This trial is studying the side effects and best dose of ixabepilone when given together
with pegylated liposomal doxorubicin hydrochloride and to see how well they work in treating
women with advanced ovarian epithelial, primary peritoneal cavity, or fallopian tube cancer
or metastatic breast cancer. Drugs used in chemotherapy, such as ixabepilone and pegylated
liposomal doxorubicin hydrochloride, work in different ways to stop the growth of tumor
cells, either by killing the cells or by stopping them from dividing. Giving more than one
drug (combination chemotherapy) may kill more tumor cells.

PRIMARY OBJECTIVES:

I. To determine the maximum tolerated dose and recommended phase II dose of ixabepilone when
combined with pegylated doxorubicin hydrochloride (HCl) liposome (pegylated liposomal
doxorubicin hydrochloride) in women with previously treated advanced ovarian epithelial,
primary peritoneal cavity, or fallopian tube cancer or metastatic breast cancer.

II. To determine the safety profile of this regimen in these patients. III. To determine the
clinical efficacy of this regimen in patients with platinum- and taxane-resistant advanced
ovarian epithelial, primary peritoneal cavity, or fallopian tube cancer.

OUTLINE: This is a phase I, multicenter, open-label, dose-escalation study of ixabepilone
followed by a phase II study.

Patients receive ixabepilone intravenously (IV) over 3 hours and pegylated liposomal
doxorubicin hydrochloride IV over 30-60 minutes on day 1. Courses repeat every 21-28 days in
the absence of disease progression or unacceptable toxicity.

After completion of study treatment, patients are followed for up to 2 years.

Inclusion Criteria:

- Histologically or cytologically confirmed diagnosis of 1 of the following: advanced
ovarian epithelial, primary peritoneal cavity, or fallopian tube cancer (phase I and
II) or metastatic breast cancer (phase I only).

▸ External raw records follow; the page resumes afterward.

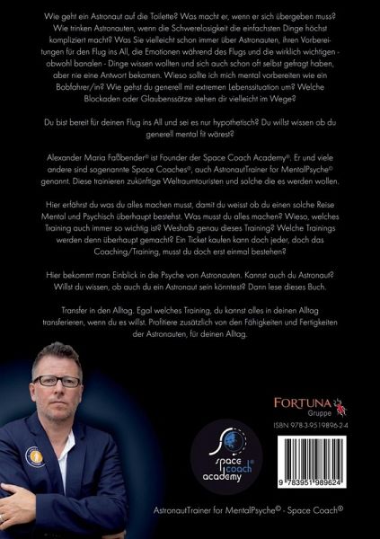 Alexander Maria Faßbender® ist Founder der Space Coach Academy®. Er und viele andere sind sogenannte Space Coaches®, AstronautTrainer for MentalPsyche(c) . Diese trainieren zukünftige Weltraumtouristen und solche, die es werden wollen. Hier erfährst du, was du alles machen musst, damit du weißt, ob du eine solche Reise mental und psychisch überhaupt bestehst. Was musst du alles machen? Warum und welches Training auch immer so wichtig ist? Weshalb genau dieses Training? Welche Trainings werden denn überhaupt gemacht? Ein Ticket kaufen kann doch jeder, doch das Coaching/Training musst du doch erst einmal bestehen. Hier bekommt man Einblick in die Psyche von Astronauten. Kannst du auch Astronaut? Willst du wissen, ob auch du ein Astronaut sein könntest? Dann lies dieses Buch. Transfer in den Alltag: Egal welches Training, du kannst alles in deinen Alltag transferieren, wenn du es willst. Profitiere zusätzlich von den Fähigkeiten und Fertigkeiten der Astronauten für deinen Alltag.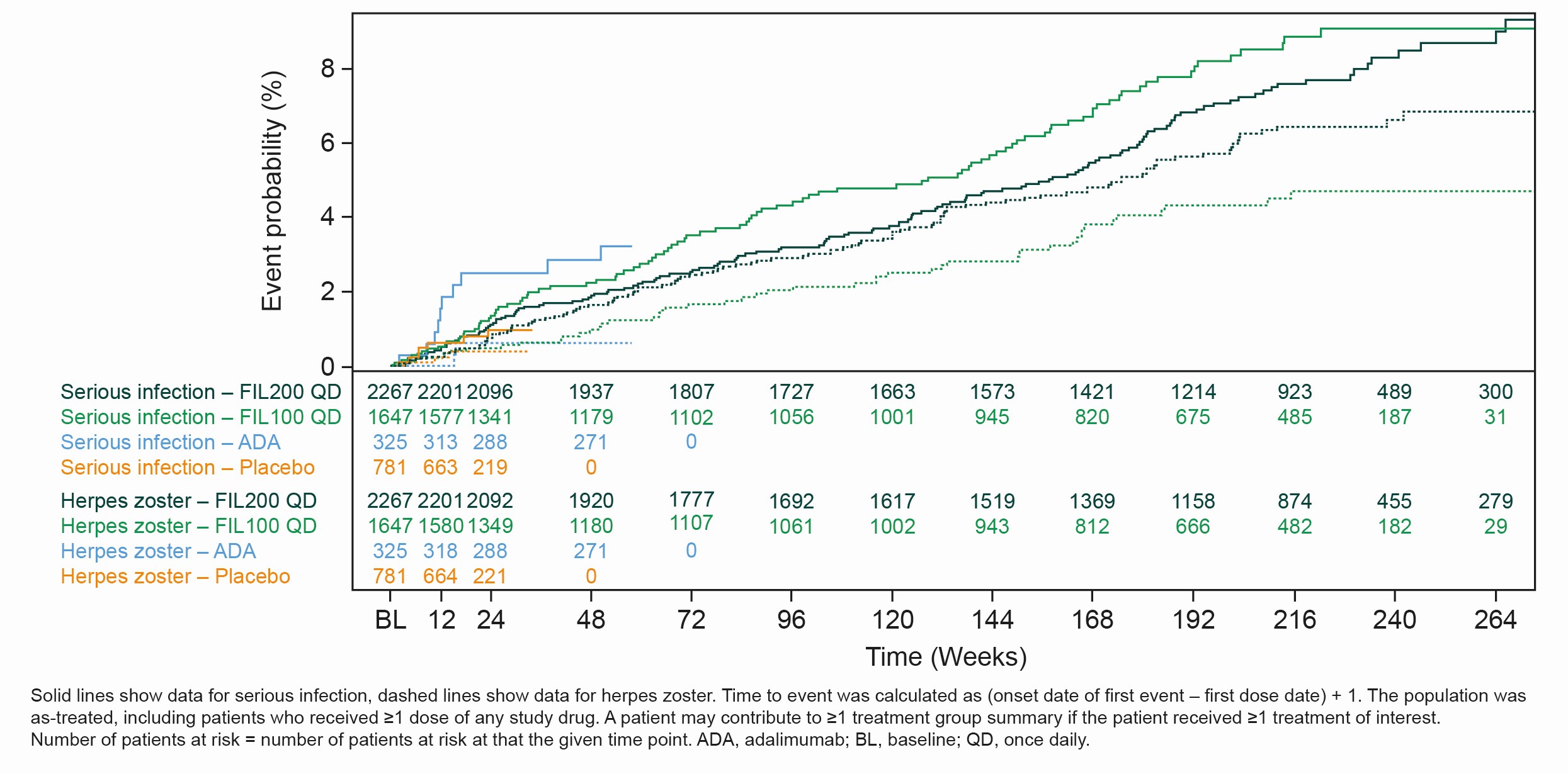 Results: The as-treated population included 3691 patients with 12,541 PYE. Median (max) exposure was 3.8 (8.3) in the pooled FIL group; 3.8 (8.3) years for FIL200 and 3.3 (7.8) years for FIL100. Baseline demographics and disease characteristics were balanced between groups.2 Small numerical differences were observed between FIL doses for EAIRs of selected AEs. Numerically higher incidences of NMSC, herpes zoster and all-cause mortality were reported with FIL200 vs FIL100; incidences of MACE and serious infections were numerically lower with FIL200 vs FIL100, with overlapping confidence intervals (Table). Over 240 weeks, the risks of MACE and VTE were comparable for FIL100 vs FIL200; low event numbers make interpretation difficult. The risk of herpes zoster was higher with FIL200 vs FIL100, and generally similar for serious infection or all-cause mortality (Figure).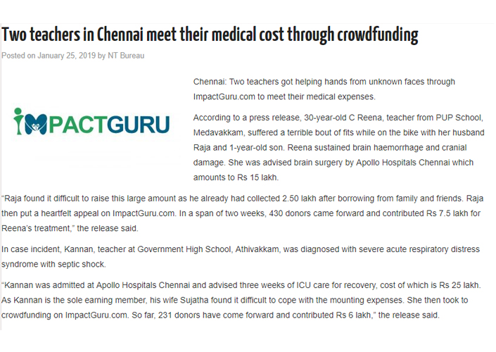 Both the families started respective crowdfunding campaigns on ImpactGuru.com, a medical crowdfunding platform to arrange money for the treatment. As they waited in the hospital, the word was spread and a total of 230 donors came together and contributed to their beloved teacher Kannan. While Reena received contributions from a total of 430 donors who looked up to her for being a wonderful teacher.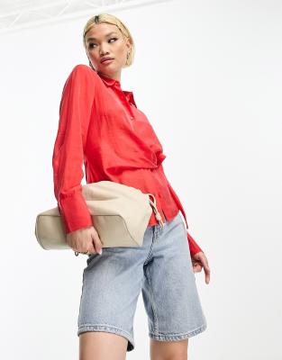& Other Stories – Wiązana w talii kopertowa koszula w czerwonym kolorze

- Platinum- and taxane-resistant disease, defined as a disease-free interval of < 6
months after completion of platinum- and taxane-based chemotherapy. Disease
progression during the regimen (phase II) or previously treated with >= 2 prior
regimens for metastatic breast cancer, including 1 taxane-based regimen in the
adjuvant or metastatic setting (phase I).

- Meets 1 of the following criteria: Previously treated with a standard course of
taxane- and platinum-based chemotherapy for ovarian epithelial, primary peritoneal
cavity, or fallopian tube cancer, that is platinum-refractory or -sensitive disease
(phase I );

- Measurable or evaluable disease, meeting 1 of the following criteria:
unidimensionally measurable lesion, known disease and CA 125 > 50 U/mL on 2 occasions
>= 1 week apart or known disease and CA 27-29, CA 15-3, or CA 125 > 50 U/mL on 2
occasions >= 1 week apart (for breast cancer patients)

- ECOG 0-2 or Karnofsky 60-100%

- At least 3 weeks since prior chemotherapy (6 weeks for nitrosoureas or mitomycin) and
recovered.

- At least 1 week since prior chemotherapy if given on a daily or weekly schedule and
recovered.

- At least 3 weeks since prior radiotherapy and recovered.

- Recovered for more than 4 weeks from all adverse events related to prior agents.

- Normal organ function including:

- Normal bilirubin

- WBC >= 3,000/mm3

- Absolute neutrophil count >= 1,500/mm3

- Platelet count >= 100,000/mm3

- AST and ALT =< 2.5 times upper limit of normal (ULN)

- Creatinine =< 1.5 times ULN or Creatinine clearance ≥ 60 mL/min

Exclusion criteria:

- No other concurrent investigational agents.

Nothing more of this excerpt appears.